FusionFly processes data through a well-defined pipeline:
┌───────────┐ ┌───────────┐ ┌───────────┐ ┌───────────┐ ┌───────────┐
│ │ │ │ │ │ │ │ │ │
│ File │────►│ Format │────►│ Conversion│────►│ Process │────►│ Output │
│ Upload │ │ Detection│ │ to JSONL │ │ & Fusion │ │ Results │
│ │ │ │ │ │ │ │ │ │
└───────────┘ └───────────┘ └───────────┘ └───────────┘ └───────────┘
│ │ │ │ │
▼ ▼ ▼ ▼ ▼
┌─────────────────────────────────────────────────────────────────────────────────────┐
│ │
│ Supported Input Formats │ Output Formats │
│ ───────────────────── │ ───────────────── │
│ GNSS: │ Standardized JSONL │
│ - RINEX (.obs, .rnx, .21o) │ Location Data │
│ - NMEA (.nmea, .gps, .txt) │ Trajectory Visualization │
│ - UBX (binary) │ Validation Reports │
│ - JSON, CSV │ │
│ │ │
│ IMU: │ │
│ - Raw IMU data (.imu) │ │
│ - CSV, JSON, TXT │ │
│ │ │
└─────────────────────────────────────────────────────────────────────────────────────┘
The frontend is built with React and provides a modern user interface for interacting with the system. It includes:
- Home Page: Overview of the system and its capabilities
- Upload Interface:
- Drag-and-drop file upload for GNSS and IMU data
- Progress tracking for uploads and processing
- Format detection and validation
- Files Page:
- List of processed files with metadata
- Download options for processed data
- Cache management
- Results Visualization: (Coming soon)
- Trajectory visualization
- Error analysis
- Quality metrics
The backend provides the API endpoints and processing logic:
- API Layer:
- RESTful API for file operations
- Status reporting
- Error handling
- Processing Engine:
- Format detection and conversion
- GNSS data parsing (RINEX, NMEA, UBX)
- IMU data processing
- Data fusion with FGO (Factor Graph Optimization)
- Storage Management:
- File storage
- Processing results
- Cache management
Long-running processing tasks are handled by a Redis-backed job queue:
- Job Management:
- Job creation and tracking
- Progress reporting
- Error handling and retries
- Worker Processes:
- File conversion
- Data processing
- Result generation
FusionFly includes a comprehensive scientific benchmark system for evaluating the accuracy, robustness, and efficiency of navigation data transformation processes.

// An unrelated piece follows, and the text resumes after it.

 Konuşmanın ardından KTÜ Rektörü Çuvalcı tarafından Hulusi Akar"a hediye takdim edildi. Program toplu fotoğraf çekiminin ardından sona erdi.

The benchmark system is organized as follows:
benchmark/
├── raw/ # Raw, unformatted navigation data
│ ├── gnss/ # GNSS data in various formats
│ └── imu/ # IMU data in various formats
├── standardized/ # Standardized data (ground truth)

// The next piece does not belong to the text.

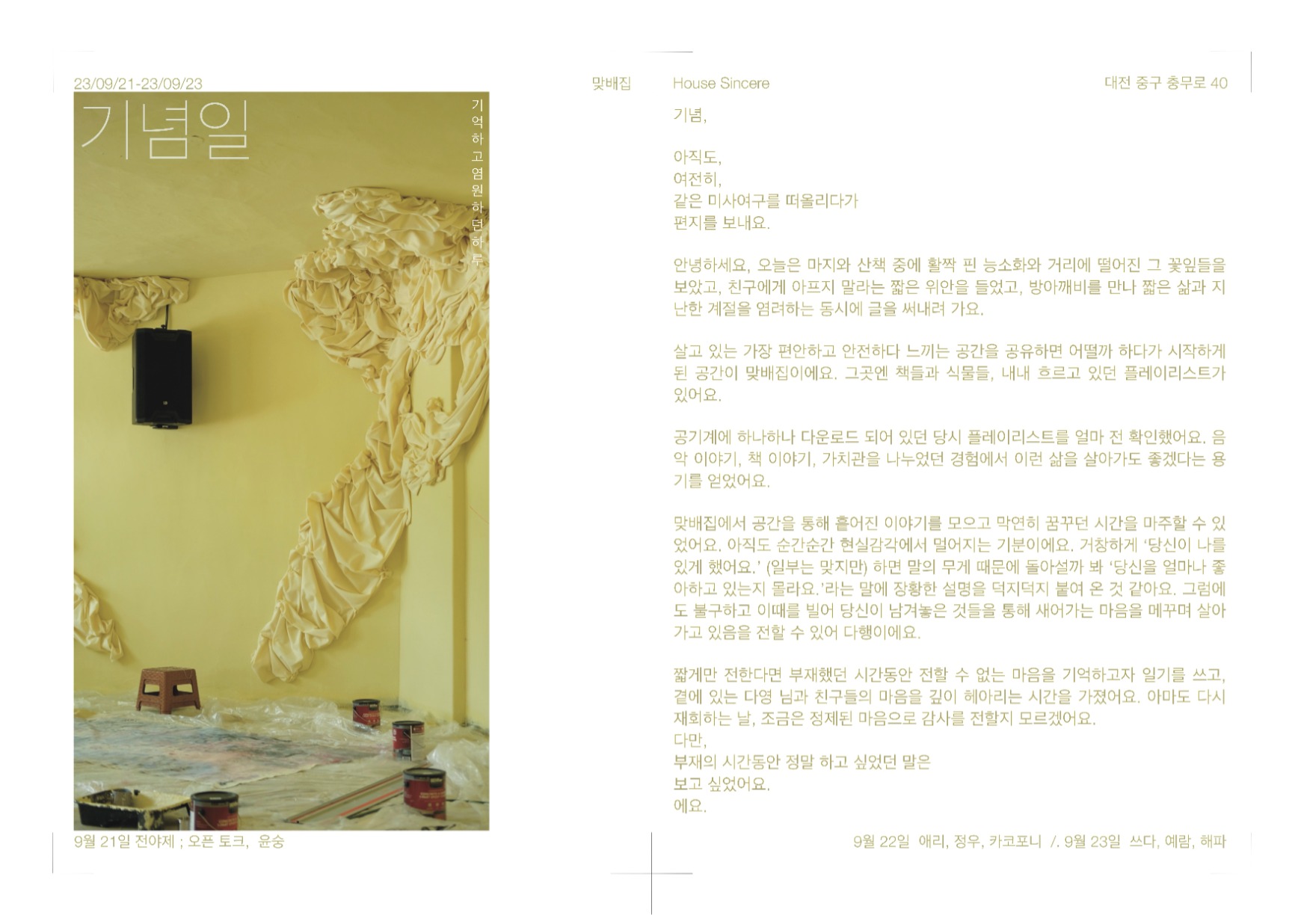 House Sincere 맞배집 오픈공연 기념일, 기억하고 염원했던 하루 대흥동 맞배집이 대사동으로 이사해 House Sincere, 맞배집으로 새로 오픈합니다. 부재하던 시간에 보고 싶었던 얼굴들, 마음들을 맞이하는 시간을 마련했어요. 많이 찾아와주시고 새로운 시작을 함께 만들어주세요.

├── test_cases/ # Test cases for benchmarking
│ ├── normal/ # Normal operating scenarios
│ └── edge_cases/ # Challenging data scenarios
├── metadata/ # Dataset and schema information
├── evaluation/ # Evaluation tools and metrics
└── results/ # Benchmark results
The benchmark includes carefully constructed test scenarios:
-
Normal Test Cases:
- Medium Urban Environment with NMEA
- Medium Urban Environment with RINEX OBS
- Tunnel Environment (IMU-only)
-
Edge Cases:
- Missing Data: Files with various fields removed (5-30%)
- Corrupted Data: Files with invalid/extreme values
- Format Variations: Different field ordering, units, etc.
These metrics quantify how precisely the transformed data matches ground truth values across all navigation parameters.
Implementation Logic:
- Points from ground truth and transformed datasets are matched by timestamps
- Field-by-field comparison is performed using dot notation (e.g.,
position_lla.latitude_deg) - Statistical measures are calculated for each field
Core Metrics:
- Mean Absolute Error (MAE): Average absolute difference between original and transformed values
mae = np.mean(errors) # Simple, interpretable measure of error magnitude
- Root Mean Square Error (RMSE): Square root of average squared differences
rmse = np.sqrt(np.mean(np.array(errors) ** 2)) # Penalizes larger errors
- Normalized RMSE: RMSE normalized by the range of original values
nrmse = rmse / (max(gt_values) - min(gt_values)) # Makes errors comparable across different measurement types
Specialized Accuracy Metrics:
- Coordinate transformation accuracy (ECEF↔LLA)
- Timestamp conversion precision (microseconds)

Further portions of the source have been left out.